Any advice in the right direction would be greatly associated.

Thanks,

Coxfamoz


----------



## jojo (Sep 20, 2007)

She needs to consult a experienced international lawyer! But I guess it very much depends on who wins custody of the children, but if they're British and their dad is SA ??

But its too complicated to get clear cut advise from a forum or without knowing all the "ins and outs"

Jo xxx


----------



## mman (Nov 15, 2009)

I had a friend who was in a very similar position, nether steped down and it ended up in a massive court case.


----------



## Daxk (Jan 20, 2008)

In short, unless the parent who does not have custody gives consent, the children cannot leave the Country.


----------



## CarCar (Aug 9, 2008)

coxfamoz said:


> Hi there,
> 
> Not sure this is the place to ask this question, if not, can you point me in right direction (I realise proper legal advice should be sought and this will be done shortly).
> 
> ...


I would contact a British/SA lawyer like Breytenbachs for a telephone consult - have all the details ready and have your/her questions ready. It will cost about pounds 70 but will help her make a more 'educated' decision (worked well for me).

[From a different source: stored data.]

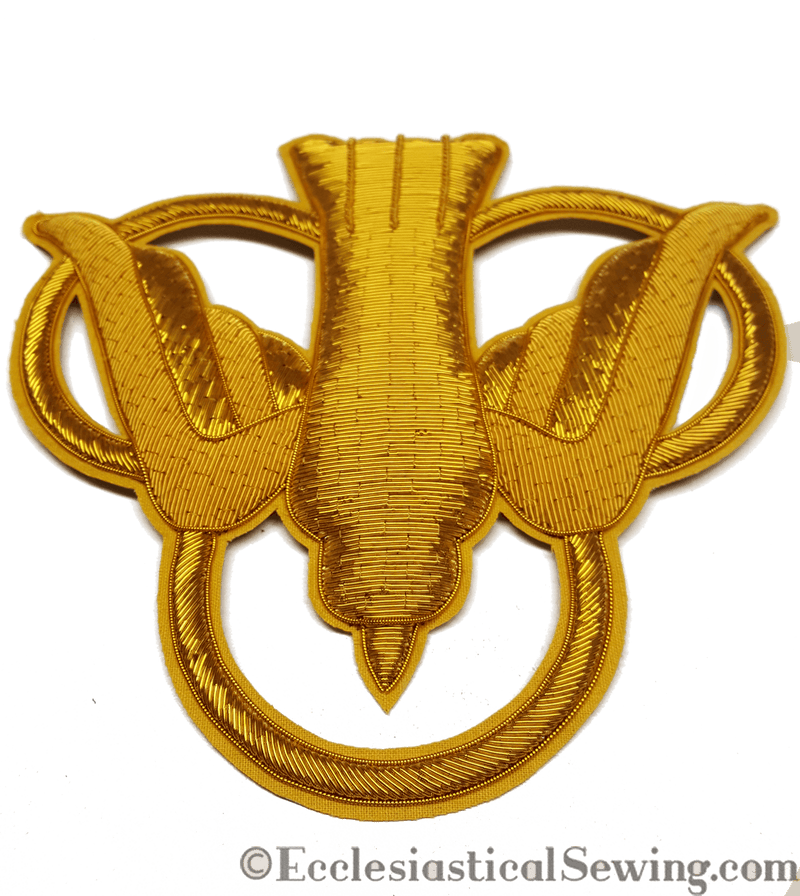 Design is hand appliqued to vestment using Imitation Japanese Gold Thread or Gold Twist.
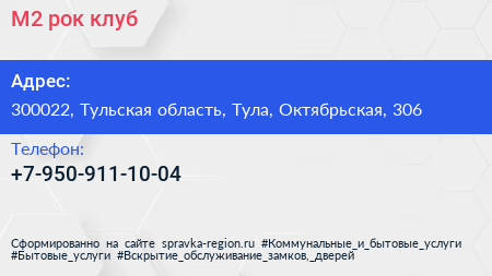 М2, рок-клуб по адресу 300022, Тульская область, Тула, Октябрьская, 306 в дальнейшем Организация, размещена в следующих категориях:
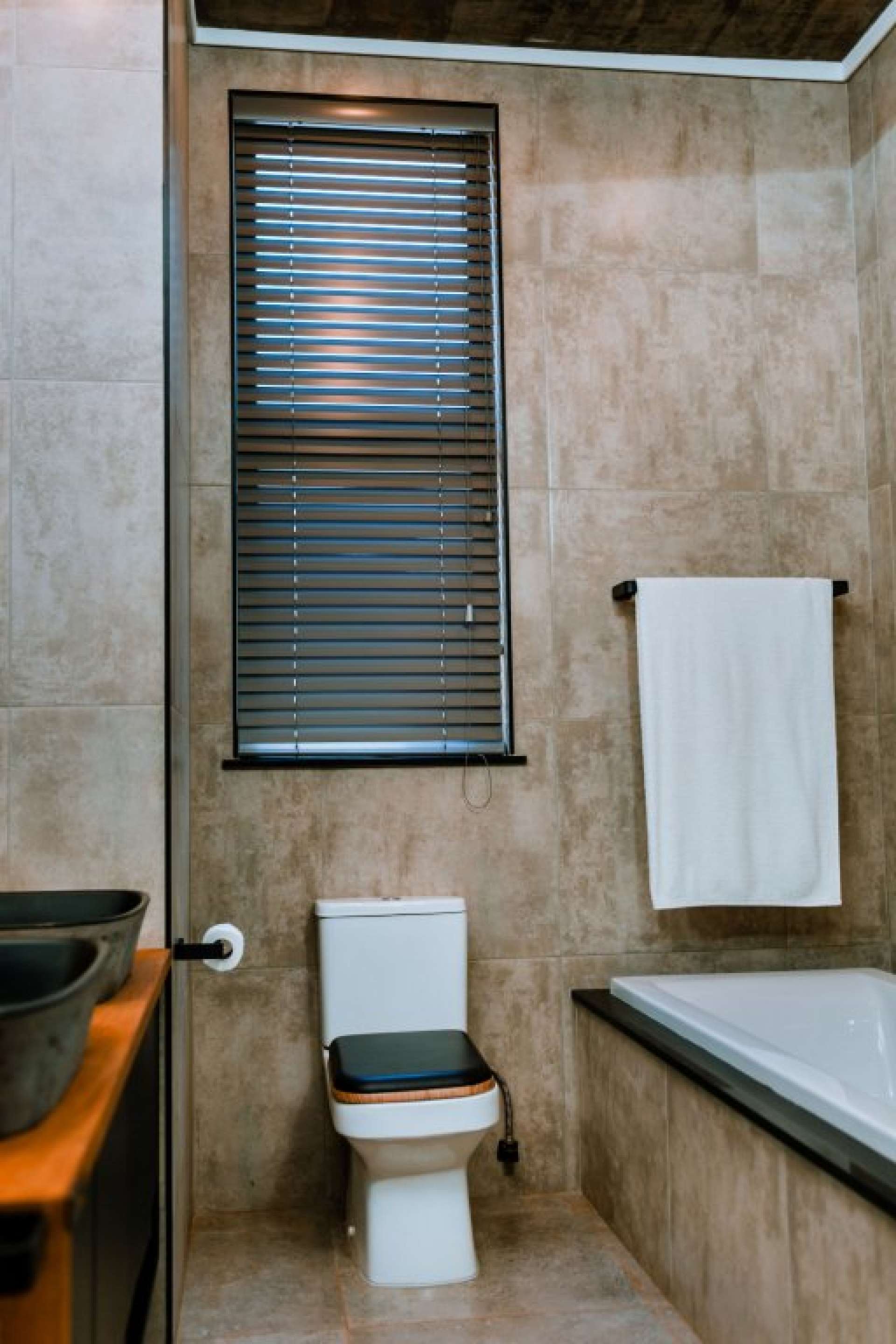 • The design of all taps, sanitary ware, accessories and basins are finished in neutral matt black
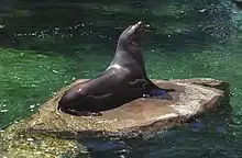 O leão-marinho é um animal pinípede caracterizado por orelhas na forma de abas externas, patas dianteiras longas, a capacidade de andar de quatro, cabelos curtos e grossos e um grande peito e barriga. Junto com os leões-marinhos, compreendem a família dos Otariídeos (nome científico: Otariidae), que contém seis espécies existentes e uma extinta (o leão-marinho-japonês) em cinco gêneros. Seu alcance se estende do subártico às águas tropicais do oceano global nos hemisférios norte e sul, com a notável exceção do oceano Atlântico setentrional.[1] Têm uma vida útil média de 20-30 anos. O macho de leão-marinho-da-califórnia pesa em média cerca de 300 quilos (660 libras) e tem cerca de 2,4 metros (8 pés) de comprimento, enquanto a leoa-marinha fêmea pesa 100 quilos (220 libras) e tem 1,8 metros (6 pés) de comprimento. O maior leão-marinho é o é o Leão-marinho-de-steller, que pode pesar 1 000 quilos (2 200 libras) e atingir o comprimento de 3,0 metros (10 pés). Consomem grandes quantidades de comida por vez e são conhecidos por comer cerca de 5–8% de seu peso corporal (cerca de 6,8–15,9 quilos (15–35 libras)) em uma única alimentação. Podem se mover cerca de 16 nós (30 quilômetros por hora) na água e, em sua velocidade, podem atingir uma velocidade de cerca de 30 nós (56 quilômetros por hora).[2] Três espécies, o leão-marinho-australiano (Arctocephalus pusillus), o leão-marinho-de-galápagos (Zalophus wollebaeki) e o leão-marinho-da-nova-zelândia (Phocarctos hookeri), estão listadas como ameaçadas de extinção.[3][4][5][6]
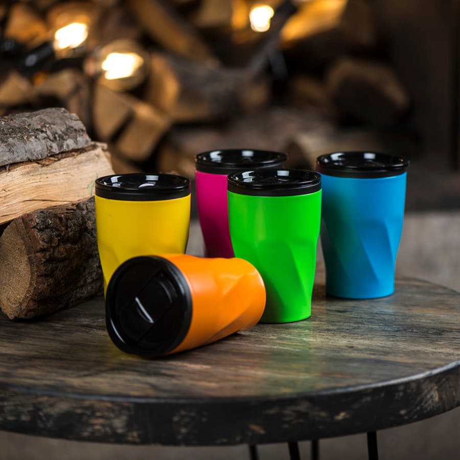 Коллекция дорожных промо-кружек NEON, отличается яркими матовыми цветами и оригинальной формой. Внимание: в этой модели колба выполнена из пищевого термоустойчивого пластика (PP). Внешние стенки стальные. Кружка не является вакуумной. Сохранит температуру горячих напитков - 1,5 часа, холодных 3 часа. ВНИМАНИЕ! Цена снижена из-за особенностей покрытия (см.фото).
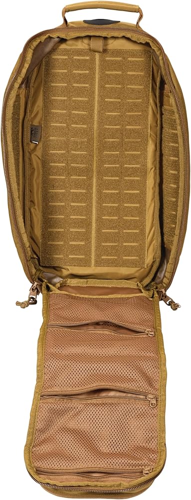 TT MODULAR SLING PACK 20 is a modular pack with diagonal shoulder strap that can be carried on the right or left sides. The main compartment of the Sling Pack can be opened completely and the rear compartment has lateral access. The Sling Pack also has two front pockets. On the front and sides is laser-cut MOLLE. The shoulder strap can be stowed away and two handles make it easy to grab. Inside the Sling Pack are large MOLLE hook and loop panels for attaching accessory pouches. The TT Modular Sling Pack 20 received a Silver Score in the 2020 NTOA Member Tested and Recommended Program. Reviewed by law enforcement officers in the National Tactical Officers Association (NTOA), the Modular Sling Pack 20 received an overall score of 4.31 out of 5.
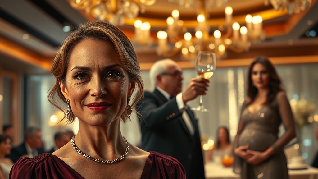 — Дорогие друзья! — её голос гремит, наполненный фальшивым пафосом. — Сегодня у нас двойной праздник! Мы не только отмечаем десятилетие совместной жизни моего сына и Ирины, но и встречаем будущее нашей семьи!

If they were married in SA then the divorce will take place in the South African High court. If the children are dual citizens then they will be treated as SA citizens and can not leave the country without the SA parent's permission. Been through that process myself as my kids are dual. 

However, as I understand it we are talking about British minor children here - not South African. It's a different ball game altogether. 

Find out what treaty arrangements the UK has with SA with regard to the matter.

I think you will find that dad's position is not as strong as he might think it is.

More importantly - once she has the information she needs - consider the value that a real dad ads to a kid's life. It's always much better if mum and dad can agree and get along - be it in SA or UK (or Norway). My kids have lovely holidays in SA now and their dad has a great deal of fun visiting us - all because we came to an agreement.


----------